Data overlays are perhaps the most insidious of all data warehousing issues. A data overlay is exactly what it sounds like–an existing demographic record with a distinct unique identifier is updated to a completely different demographic record but with the SAME unique identifier. .
The problem is mostly perceptive. When hospitals and data administrators claim that a unique identifier is unique, they expect it to be so. From a business standpoint, teams don’t investigate whether source systems might be overwriting records because they don’t really see the problem until sometime after the overlay has occurred.
Even then, the complexity of root cause may be hidden for quite some time.
What makes overlays especially tricky in terms of centralized hub management is the ability to conceptualize how records in an entity continue to maintain a link when they are obviously different. Without the proper information, human judgment takes a beating on this one.
Consider the following example:
A user, who we’ll call Steven, works in the billing department of a hospital. He types in the demographic information on a new patient named Mary Johnson who, along with other identifying information is also assigned a unique patient identifier.
Some days later, Steven receives billing information for a new patient, John Smith. For any number of reasons, either human or technological, this record is given the same unique identifier as Mary Johnson. Thus, instead of a patient addition, a patient update has been performed.
When the record arrives in the data warehousing for processing with the patient’s other profile data, the first record—Mary Johnson—is overwritten with demographics for John Smith. And this is where the insidiousness begins. Linking overtop of John Smith’s information in the entity management system is the rest of the data that formerly linked with Mary Johnson such as lab records, pharmacy information, and any other identifiers that were tied and linked to the former Mary Johnson record.

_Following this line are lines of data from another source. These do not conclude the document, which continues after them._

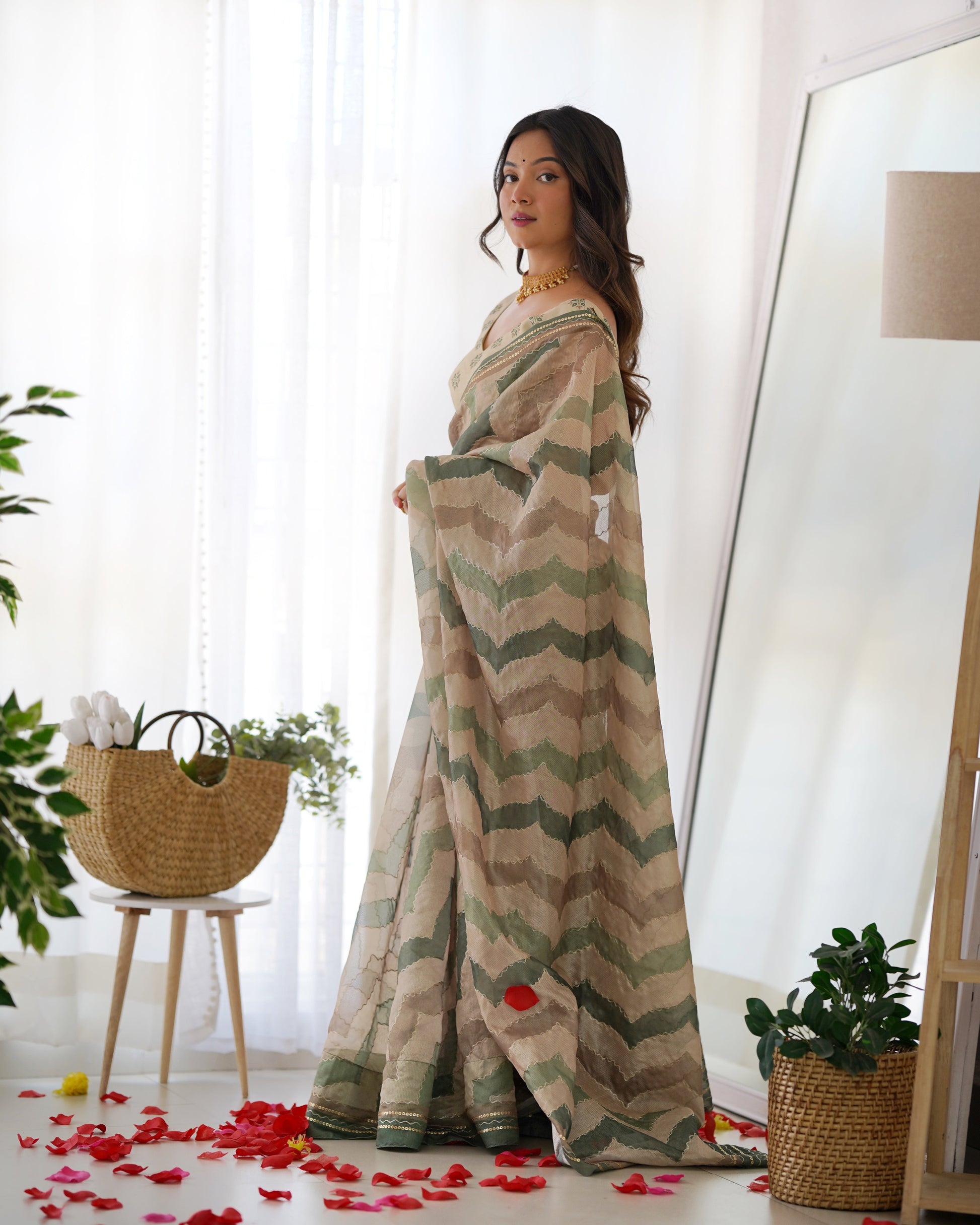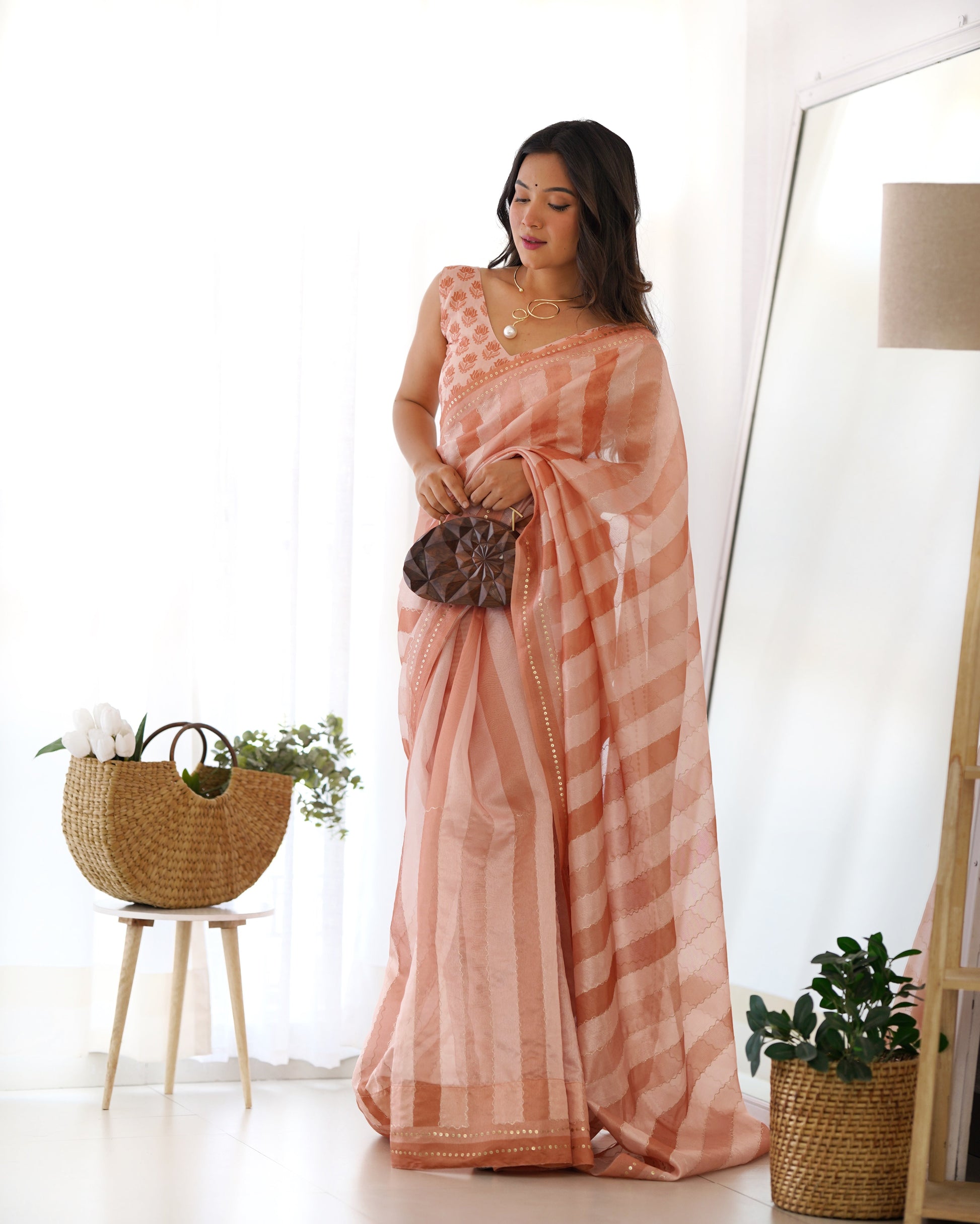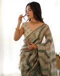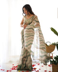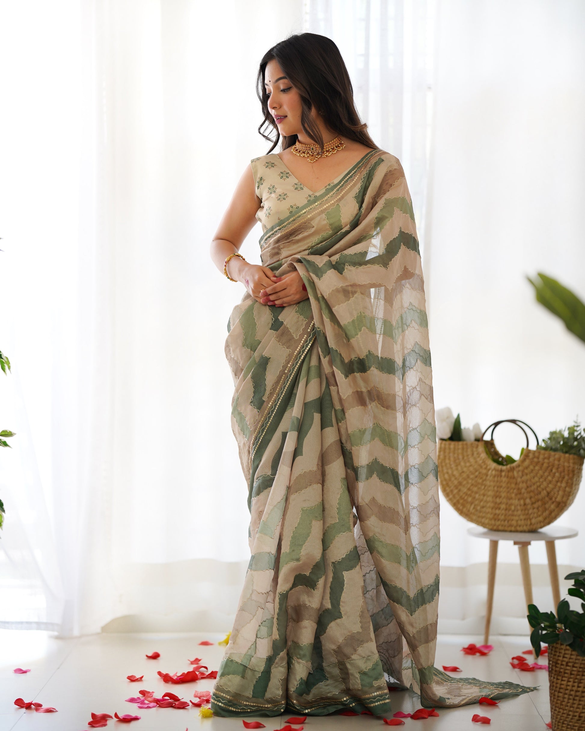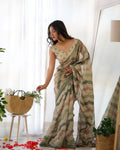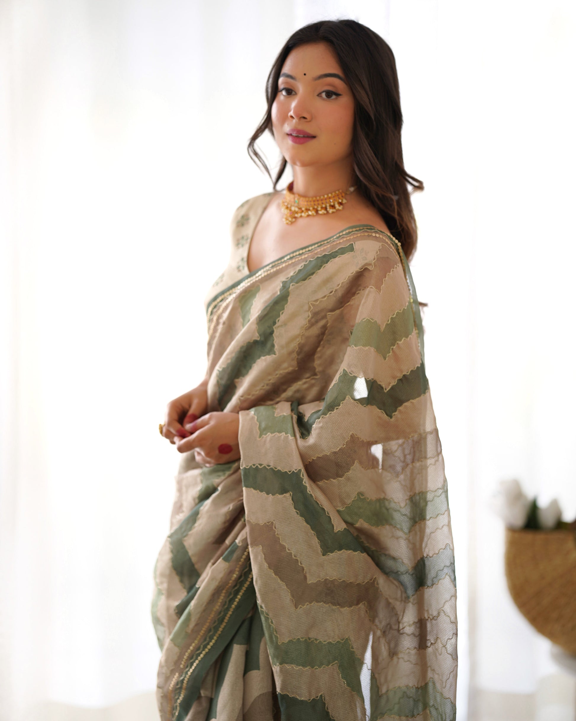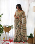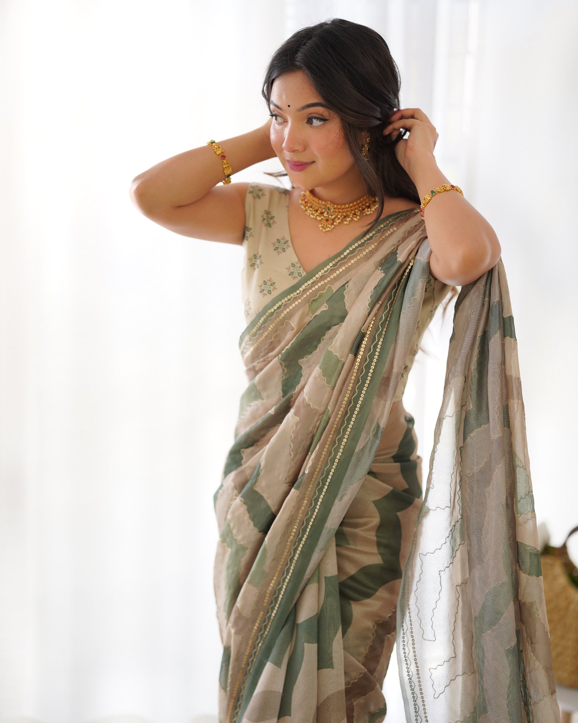 | Pattern | Digital printed saree with matt sequin khatha work & Digital printed Blouse |
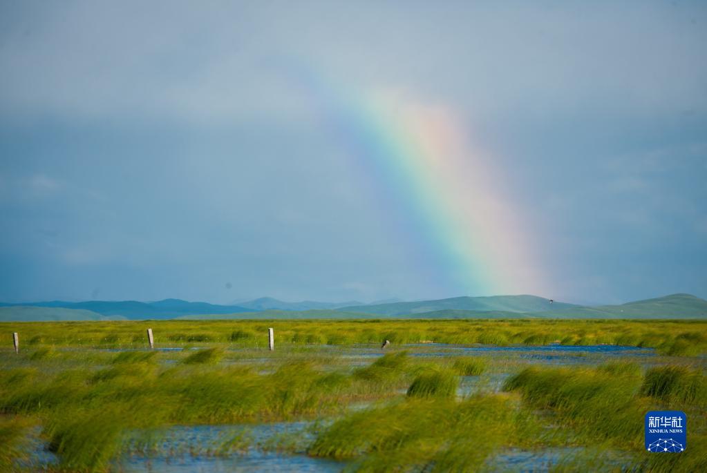 四川若爾蓋濕地國家級自然保護區若爾蓋花湖上空出現一道彩虹(2022年6月24日攝)。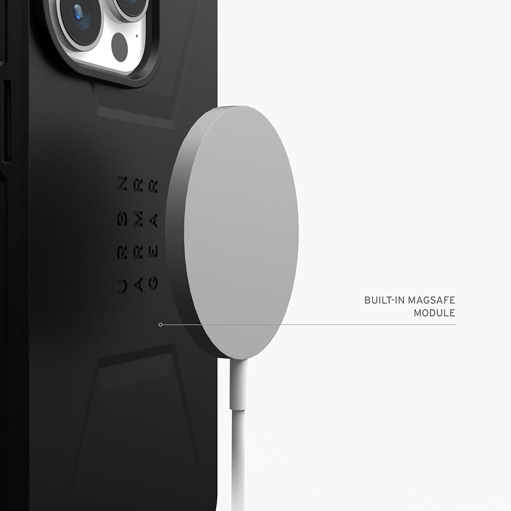Pouzdro Essential Armor MagSafe se vyznačuje robustním, avšak minimalistickým designem, který je okamžitě rozpoznatelný jako produkt UAG. Jeho konstrukce kombinuje tvrdou vnější skořepinu s měkkým, nárazy pohlcujícím jádrem, což zajišťuje vynikající odolnost proti pádům. Zadní strana pouzdra je matně černá s decentním, vertikálním nápisem "URBAN ARMOR GEAR" a výraznými, ale elegantními liniemi, které dodávají pouzdru moderní industriální vzhled. Integrovaný MagSafe modul zajišťuje bezproblémovou kompatibilitu s MagSafe příslušenstvím a rychlé bezdrátové nabíjení. Přesné výřezy pro fotoaparát a porty, spolu s nadrozměrnými hmatovými tlačítky, zaručují plnou funkčnost a pohodlné ovládání. I přes svou odolnost je pouzdro překvapivě lehké a nezatěžuje váš telefon.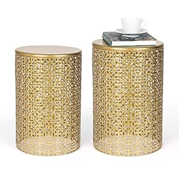 Homebeez Metal Accent Table, Set of 2 Decorative Round End Tables Nightstands, Coffee Side Tables for Indoor Outdoor (Gold)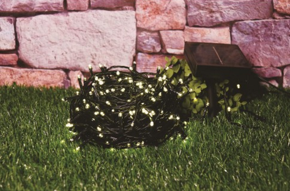 Instalatie Profesionala idealSTORE, Panou solar 2v 100 mA, Acumulator incorporat, 100 Led-uri cu luminca calda 9,9 m, control exterior, 8 Functii de iluminat, Protectie IP44, Lumina Alb-Cald

Just because an overlay of information has occurred does NOT mean that the records are smart enough to disentangle themselves based on the new attributes. In fact, we often change multiple attributes at once such as moving address and phone numbers. Would we really want to create a new identity after this data had separated?
Nevertheless, it’s the unintentional impacts that cause the real trouble. In this case, as billing administrators attempt to pull Mary Johnson’s profile, a John Smith record will also crop up in the mix, leading to a great deal of confusion, finger-pointing, and even blame against the software itself.
Data overlays wreak havoc because teams don’t know where to look or what to fix. At first blush, it may looks like the data warehouse is the culprit, but unless data analysts can inspect the full history of the records in question—when did Mary Johnson “become” John Smith?—teams should avoid jumping to conclusions.
The best types of software have a way of detecting overlay issues and have defined methods for unraveling them. These remediation efforts are limited to records only within the centralized hub, however, and are relevant only after the data has settled. Treating the symptoms on the data warehouse does not address the root causes and without going back to the source, these types of data errors may occur again, perhaps frequently. The old adage rings true once again: “an ounce of prevention is worth a pound of cure.”
In summary, if data in a warehouse joins together for incompatible records, you may have an overlay issue on your hands. Stay focused, be persistent, and work hard at being a great data detective.